Amistad

July 22, 2014;The Day

New, relatively small organizations need to attend to the basics of sound financial systems before they begin to receive grants in the hundreds of thousands of dollars. To do otherwise taints the work, and sometimes that is just excruciating. Readers may remember a story NPQ ran last month about a new nonprofit in Alaska; this story is another classic example.

In Connecticut, Amistad America, Inc., the nonprofit that displays the replica of the slave ship, Amistad, lost its nonprofit status after three years of neglecting to file reports with the IRS. Apparently, it has not had an audit done since 2009, claiming that the group could not afford the $50,000 it believed it would cost. It has also not been paying its bills to the small businesses that have done business with it, and an ensuing audit by the state is reputed to have taken far longer than expected because the records are not in order.




The whole situation has gone on so long that twenty-three members of the state legislature have signed a letter asking the organization to establish a deadline by which it will have a plan in place to repay seven of the small businesses to which it has long-term debts.

“After all, the taxpayers of the state of Connecticut have duly funded the Amistad every year, including the initial construction of the boat. It is incomprehensible that small businesses, the backbone of our community economic web, would not be the first to be paid out of the (annual) state appropriation.”

The legislators have an interest because Amistad America has been awarded $8 million in state funding to date, but now the governor has declared that the nonprofit’s grace time is up.
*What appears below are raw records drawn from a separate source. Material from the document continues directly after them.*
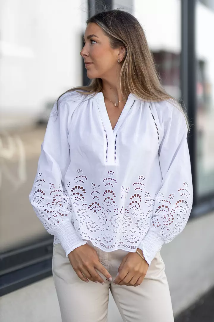 «Annsofie, blouse» er en nydelig blondebluse fra Gustav i 100% bomull. Blusen har en avrundet skulder, med noe volumøse ermer, som avsluttes med en vaffelstrikk. Nydelige gjennombrutte blonder. Blusen har en lett a-shape og hoftelengde.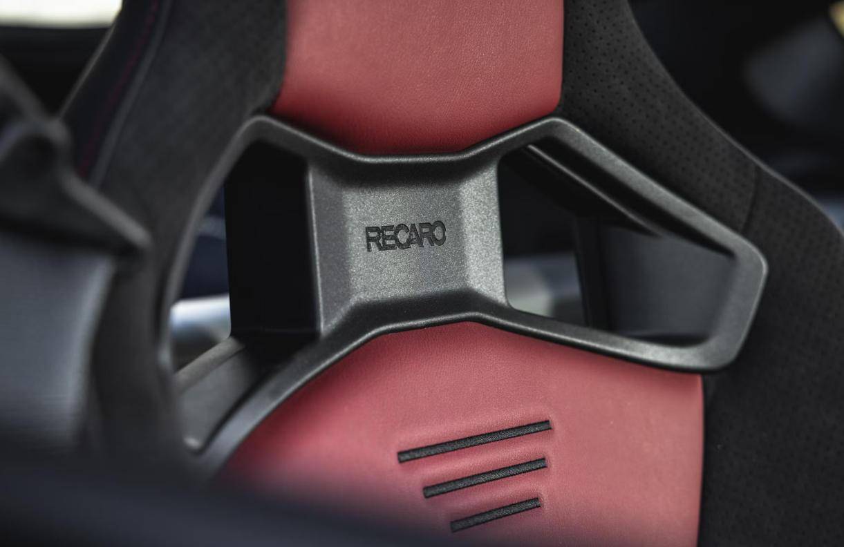 除了機械層面,Nismo版的外觀也重新設計,前保險杠的格柵開口更大,前角的小擾流器幫助引導氣流,減少車輪周圍的空氣擾動,匹配19英寸RAYS輪圈,車內多了兩張Recaro座椅,高速過彎減少身體晃動。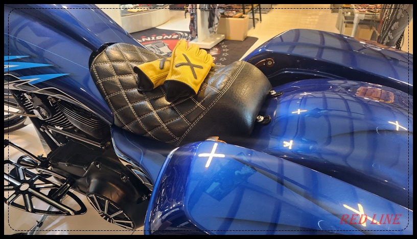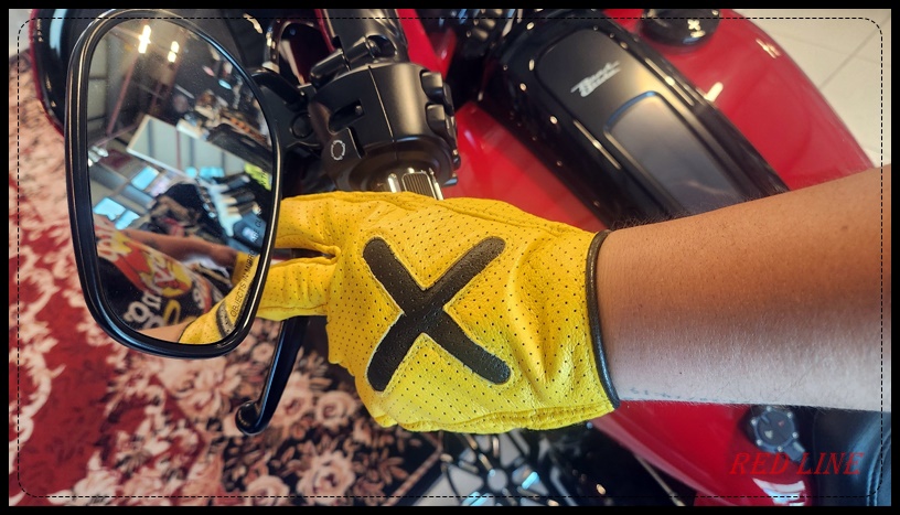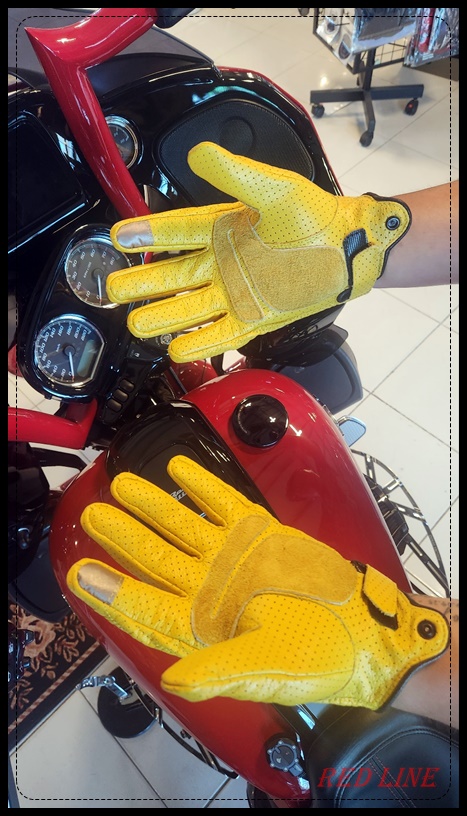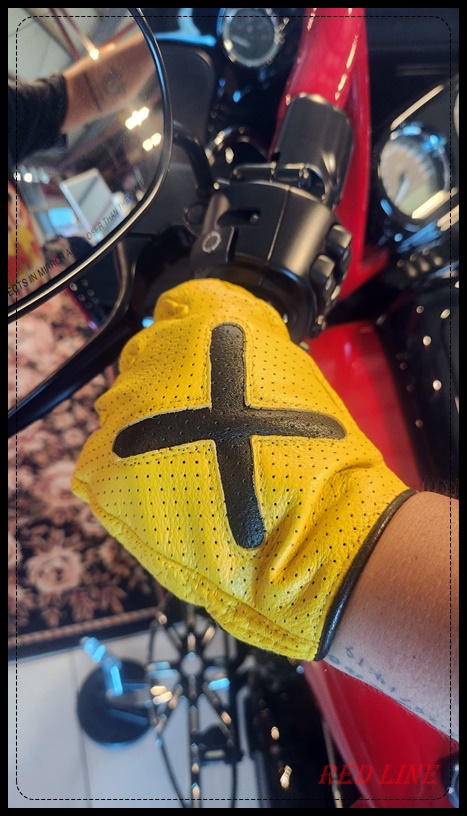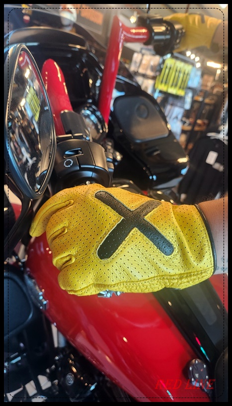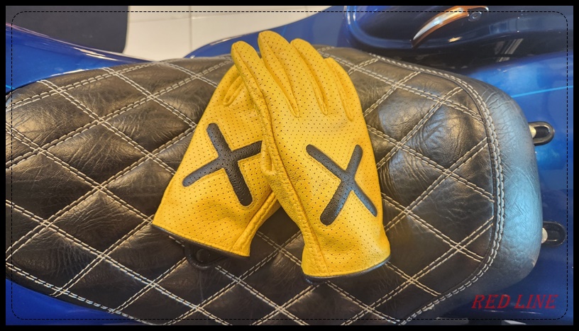 레트로한 컬러의 타공 글러브입니다. 가운데 X자 누빔이 포인트입니다.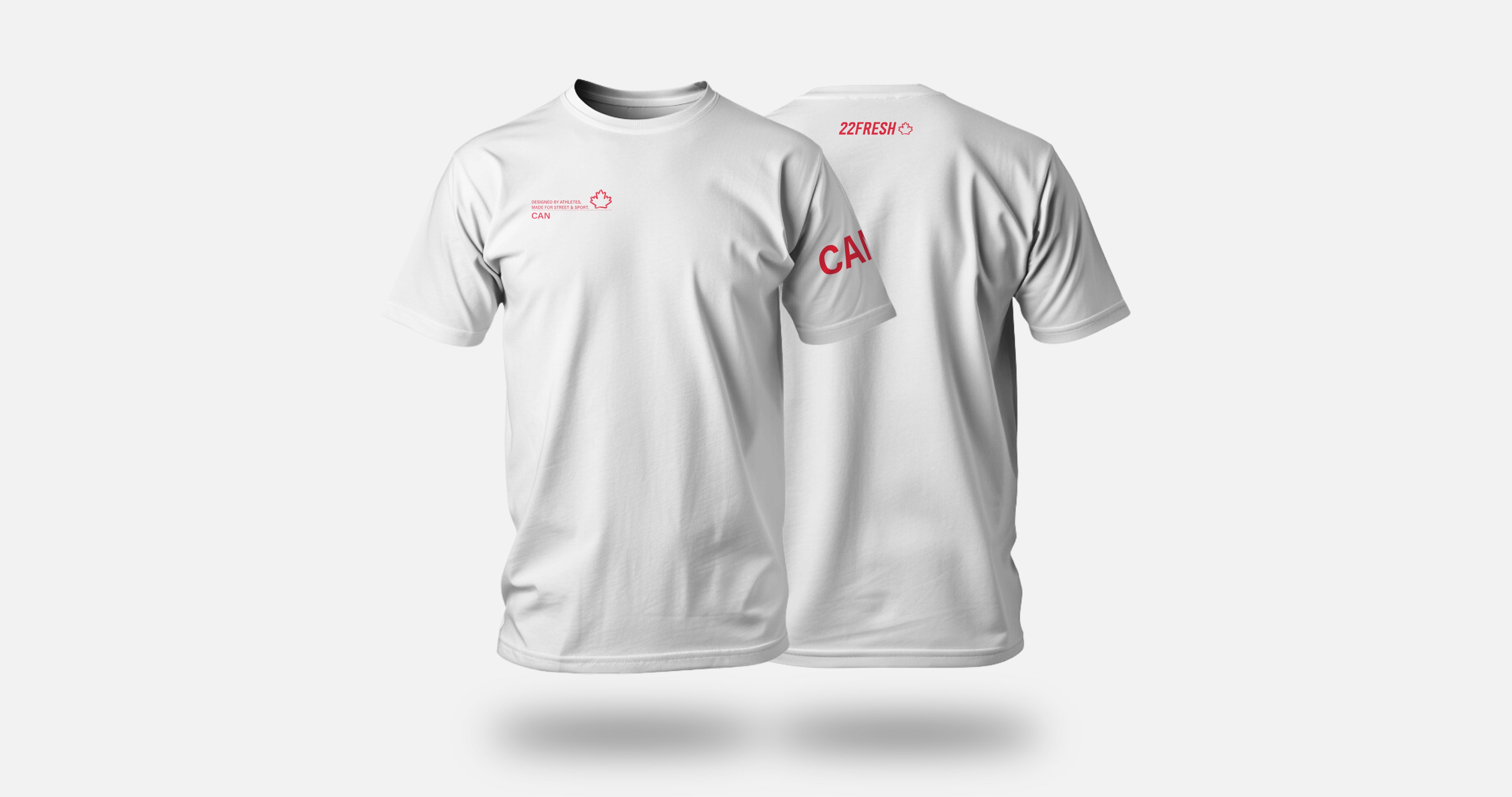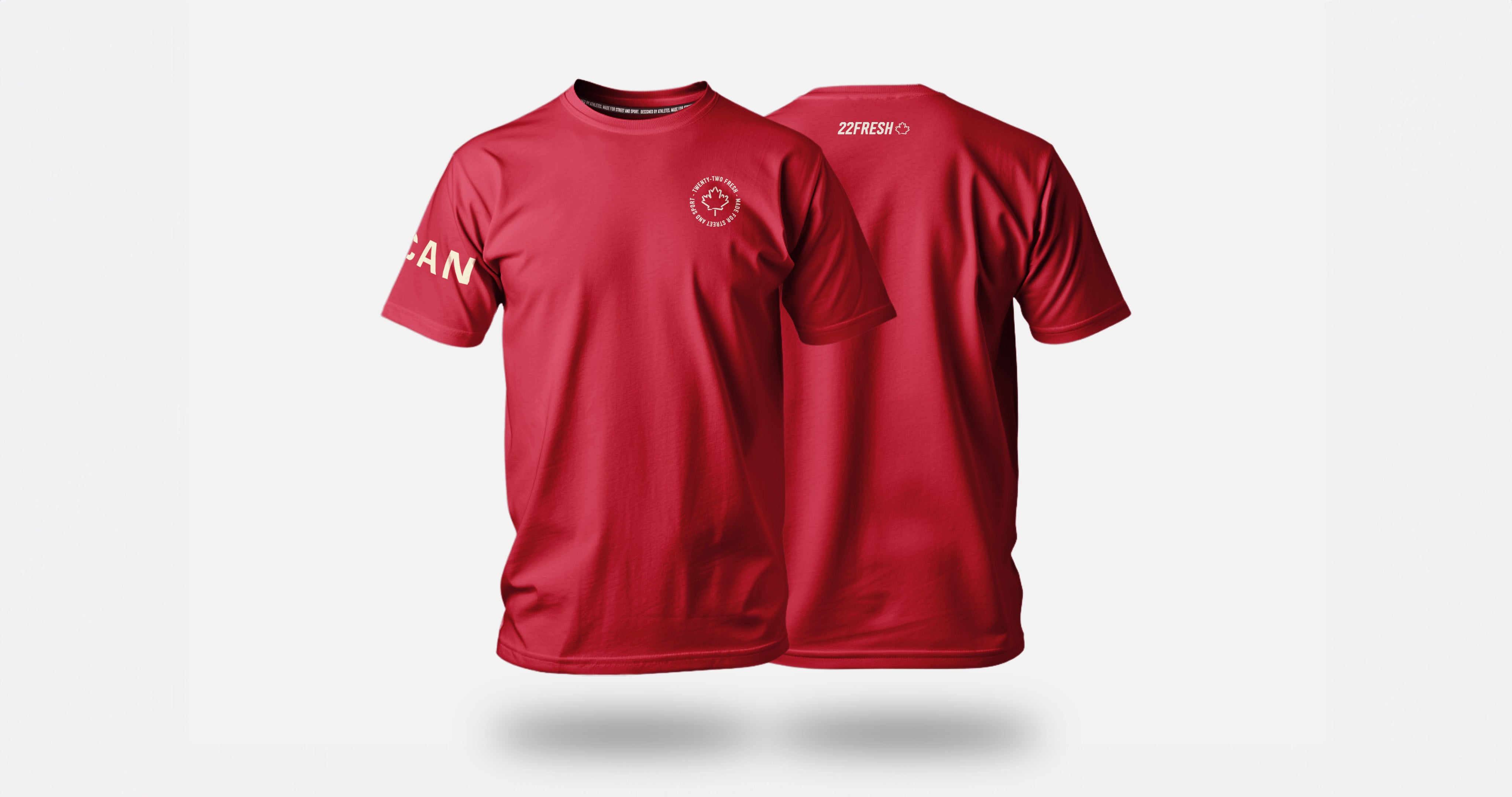 Made from our soft and breathable cotton-based fabric, the tee features a crisp white base with bold red print and a stencil-style 22Fresh maple leaf graphic—a subtle nod to Canadian strength and unity. The athletic fit delivers easy comfort, while the "CAN" sleeve detail and 22Fresh logo on the back keep you looking sharp from every angle.

It will not receive another $400,000 annual payment until the audit is done.

It is worth reminding people that in many cases there is no need for your accounting function to be done inside the organization. Many organizations of this size use an outsourced financial service. Make sure that it is reputable and familiar with nonprofit accounting. A good outsourced service will help ensure that an organization stays out of the danger zone.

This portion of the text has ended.